Based on your investment objective, mutual funds can be classified as follows:

  • Equity Linked Savings Scheme: This type of mutual fund allocates 80% or more of its corpus to equity stocks. Investments in ELSS are eligible for tax deduction to the tune of Rs. 1,50,000 (under Section 80C of the Income Tax Act, 1961). 
  • Growth fund: Mutual funds that invest in entities with high growth prospects are termed as growth funds. Owing to the potential for high returns, the corresponding risk for such funds is also high. 
  • Money market fund: This type of mutual funds invest in fixed-income money market securities. The salient features of a money market fund are low risk, short tenure, and fixed returns. 
  • Liquid fund: Investments in this type of mutual fund are allocated to highly liquid debt instruments with a maturity lower than 90 days. 
  • Pension fund: Designed specifically for people looking to plan their retirement, pension funds are aimed at building a substantial corpus over a period of time through investments in diversified asset classes. Such funds usually have a long lock-in period. 
  • Capital protection fund: This type of mutual fund invests in a combination of debt and equity instruments, with a higher weightage assigned to the former. The primary aim of a capital protection fund is to protect the principal amount invested by an investor. 
  • Income fund: Aimed at ensuring capital appreciation and moderate to high returns for investors, income funds invest in highly credible debt instruments, for instance, government bonds and corporate bonds. 
  • Gold funds: As its name suggests, this type of mutual fund invests in gold through a Gold Exchange Traded Fund (ETF). By opting for a gold fund, you can invest in the precious metal without having to physically purchase and store it. 
  • Fixed maturity fund: Available only through a New Fund Offer, fixed maturity funds are one of the types of mutual funds in India. These low-risk funds invest in debt securities carrying the same maturity as that of the fund. 
  • Fund of funds: This type of mutual fund invests in other mutual funds, thereby enabling investors to diversify their investment portfolio and moderate their overall risk exposure. 

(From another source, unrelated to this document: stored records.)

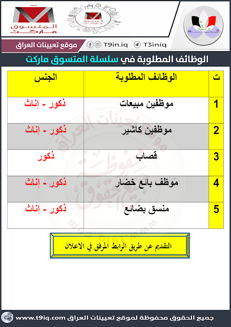 لقرب افتتاح سلسلة المتسوق ماركت نعلن عن توفر وظائف شاغرة لكلا الجنسين للإختصاصات المدرجة في المرفق مع التفاصيل إدناه :-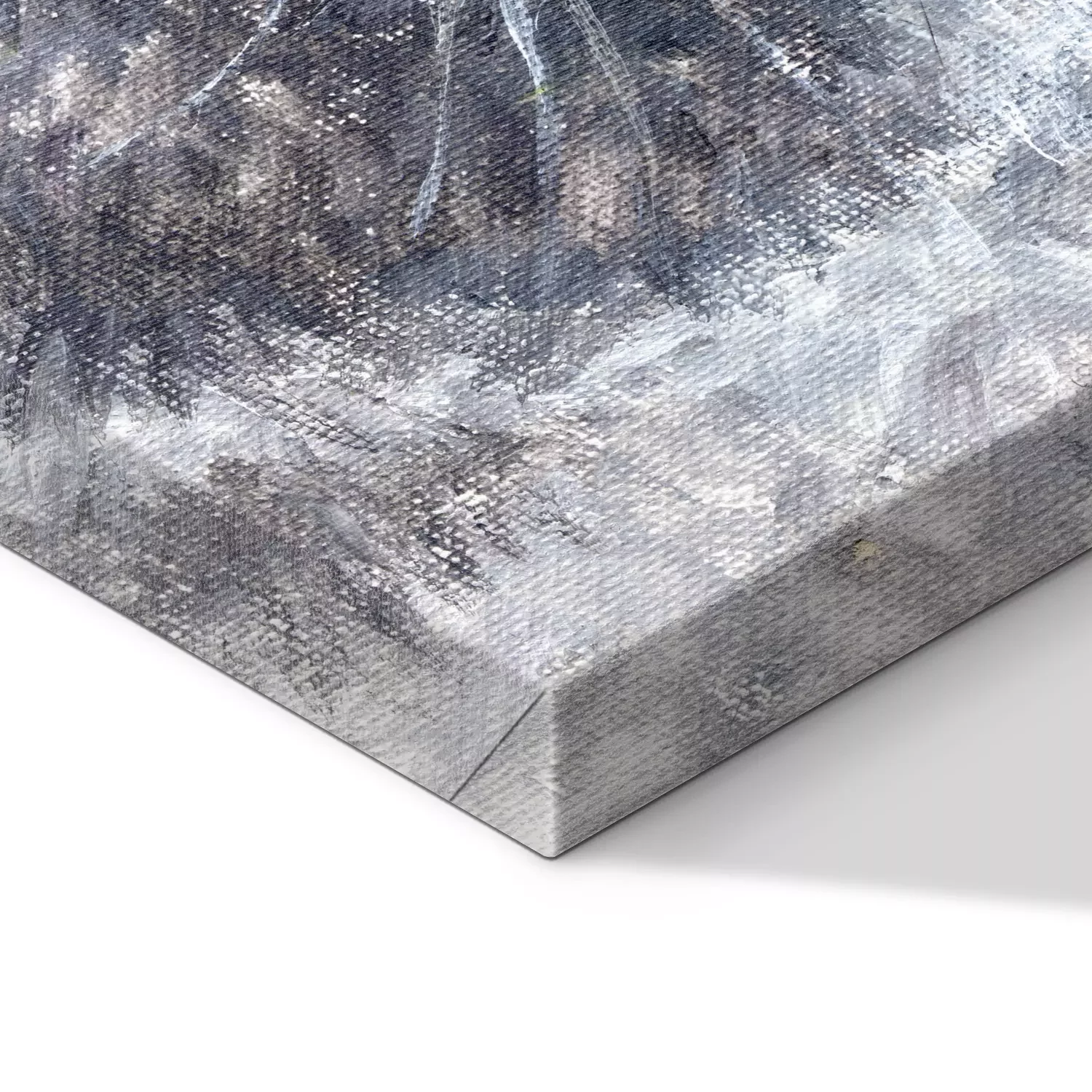 De print wordt aangebracht op hoogwaardig canvas dat op een schildersweefgetouw (spieraam) wordt gespannen. Omdat de print de zijranden bedekt, hoeft het ontwerp niet met een extra kader te worden omlijst. Wij raden ook composities aan die uit meerdere foto's bestaan en zo een coherente compositie vormen.
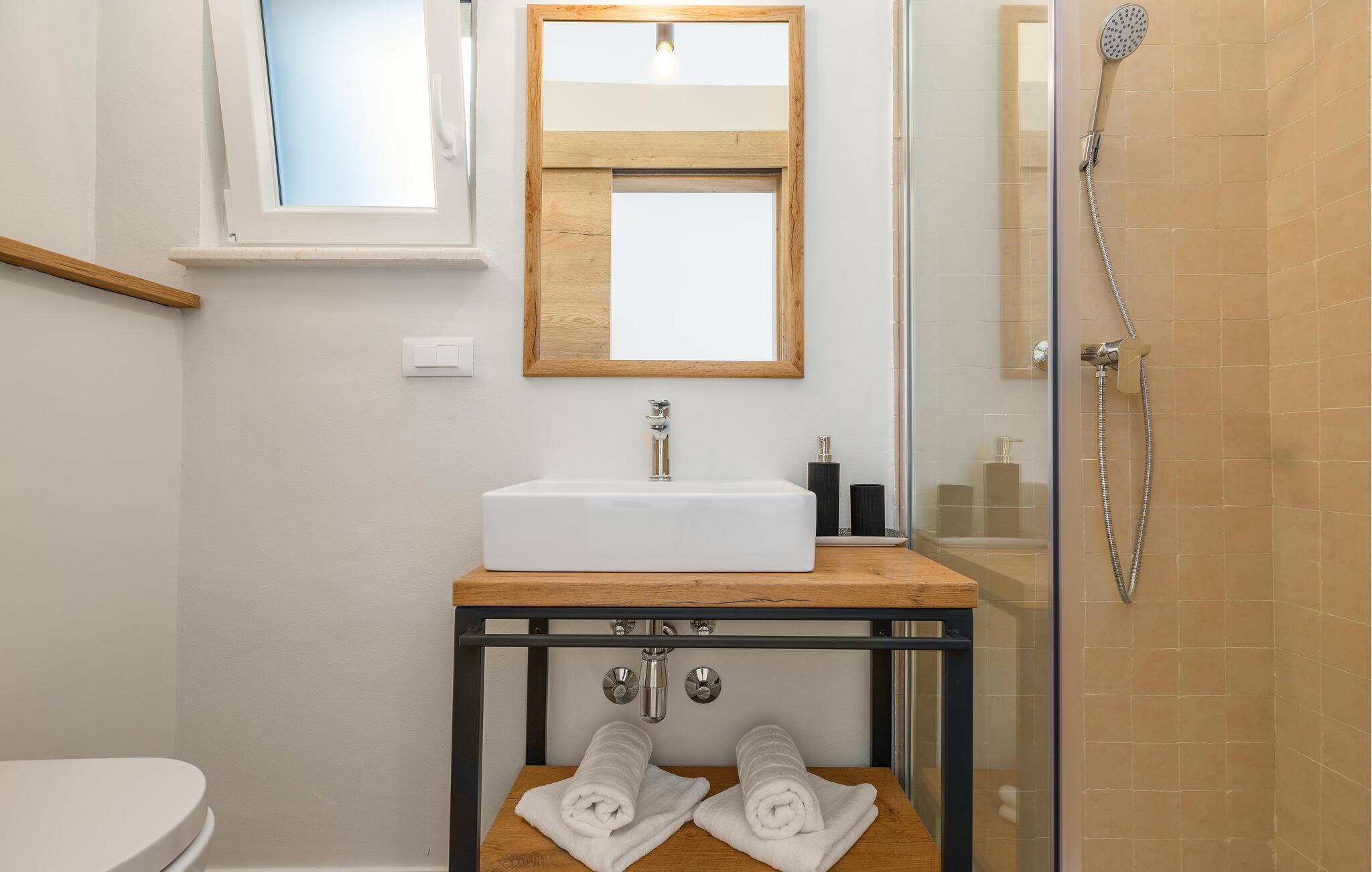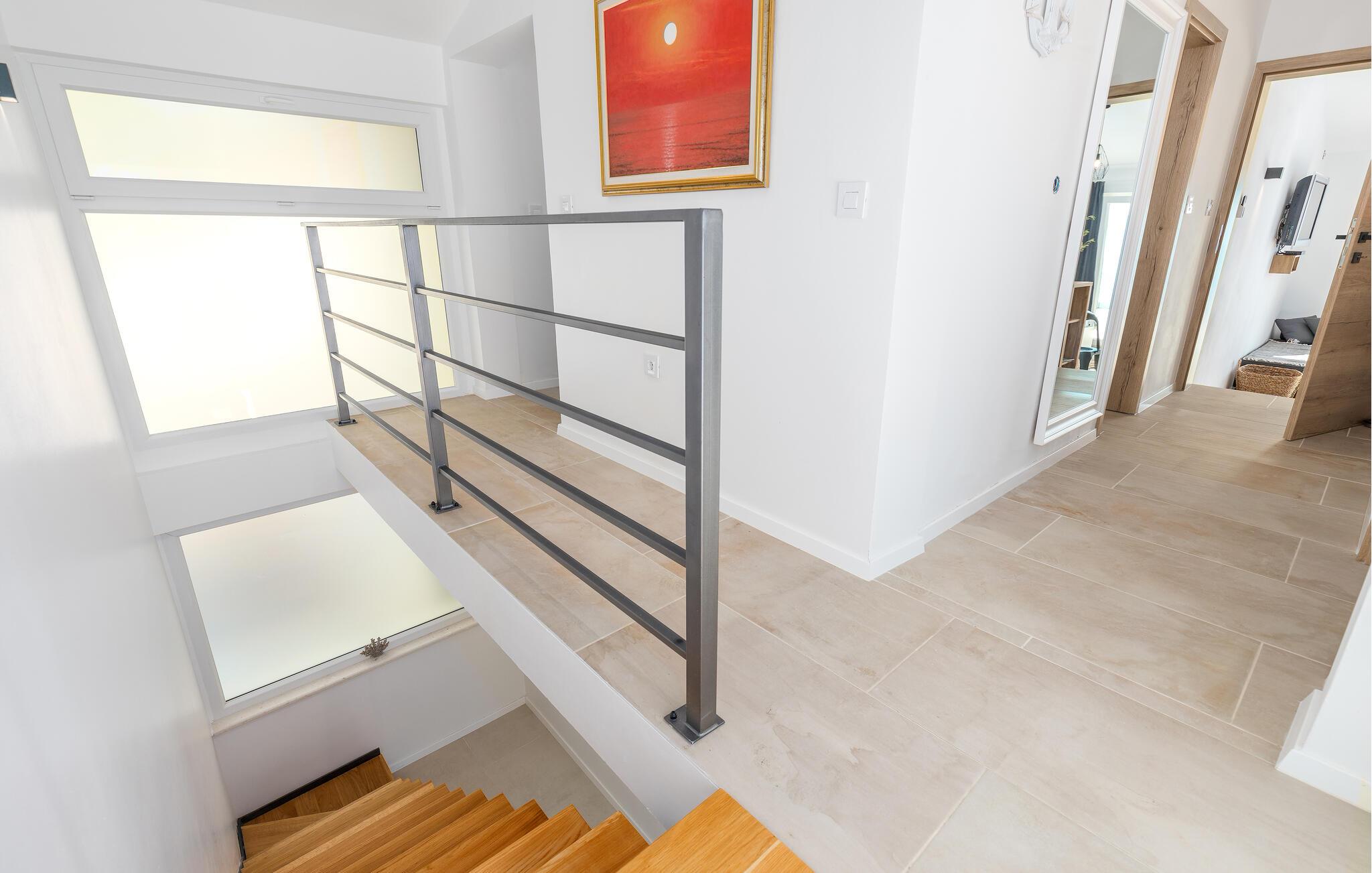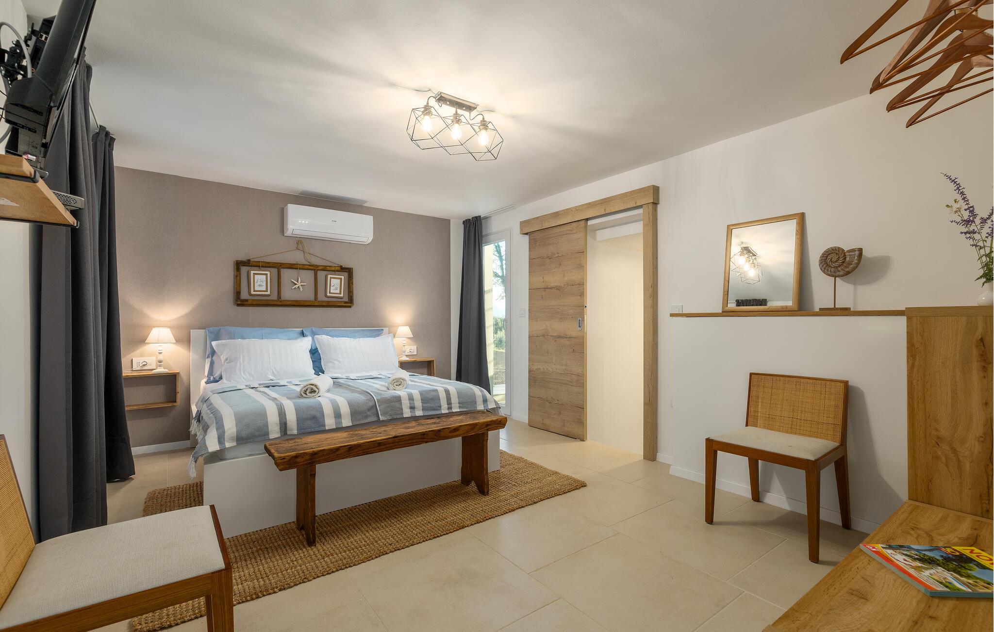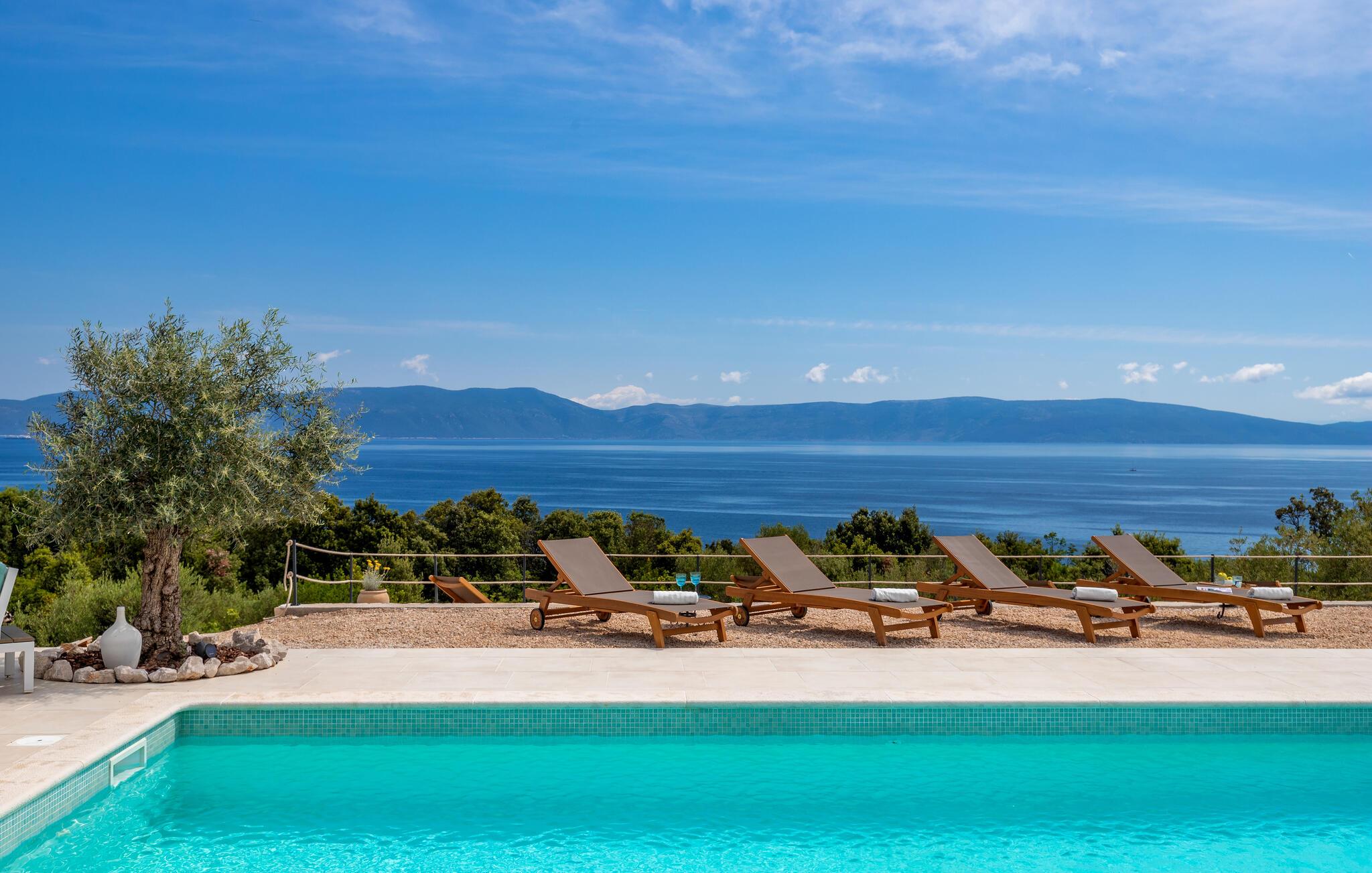 Træd barfodet udenfor og fordyb jer i jeres storslåede pool. Lad jer betage af den betagende udsigt over Adriaterhavet, mens I slapper af på en liggestol eller i spabadet og oplev uforglemmelige solnedgange med et glas vin. Forkæl jer selv med afslappende øjeblikke i saunaen og nyd kvalitetstid sammen med stemningsfulde aftener under åben himmel.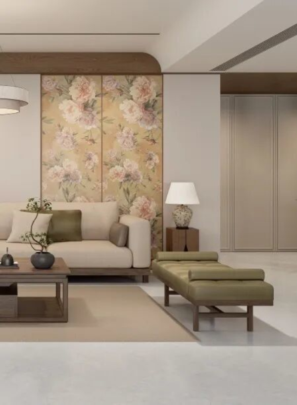 溫馨的暖杏墻面點(diǎn)綴鋪貼寓意吉祥富貴的洛神·花田花片,東方花藝散發(fā)出高雅氣息,簡單提升空間氣韻。搭配禪意燈具、綠植和國風(fēng)擺件,一個寧靜而富有禪意的當(dāng)代東方空間便油然而生。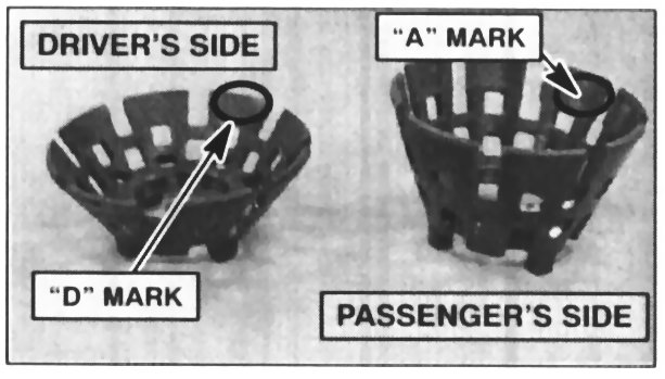 The grommet for the driver's side wiper shaft is marked with a "D". Some passenger's side grommets are marked with an "A" while others may not be have this mark. You can also determine the correct part by looking at the height of the grommet. The passenger's side grommet is the taller of the two and the outside edges rise from the bottom at a steeper angle than the driver's side.

Different types of mutual funds categorised by degree of risk 

There are different types of mutual funds, depending on how much risk they entail, namely:

  • Low risk funds: Such mutual funds invest in extremely credible fixed-income securities which carry minimal risk and moderate returns, for instance government bonds and bonds of highly rated companies. 
  • High risk funds: This type of mutual funds invests in high risk securities such as equity stocks and debt instruments carrying a high degree of risk. 
  • Medium risk funds: Characterised by a balance between risk and return, medium risk funds invest in securities carrying a moderate degree of risk. Such funds usually invest in various asset classes to reduce the overall risk exposure of investors. 

To sum it up 

Depending on your investment objectives, investing timeline, preferred degree of risk exposure, and desired liquidity, you can choose the ideal mutual funds to add to your investment portfolio. You can invest in different types of mutual funds in India online and save time and effort in the process.

Disclaimer: Investments in the securities market are subject to market risk, read all related documents carefully before investing.

This content is for educational purposes only. Securities quoted are exemplary and not recommendatory.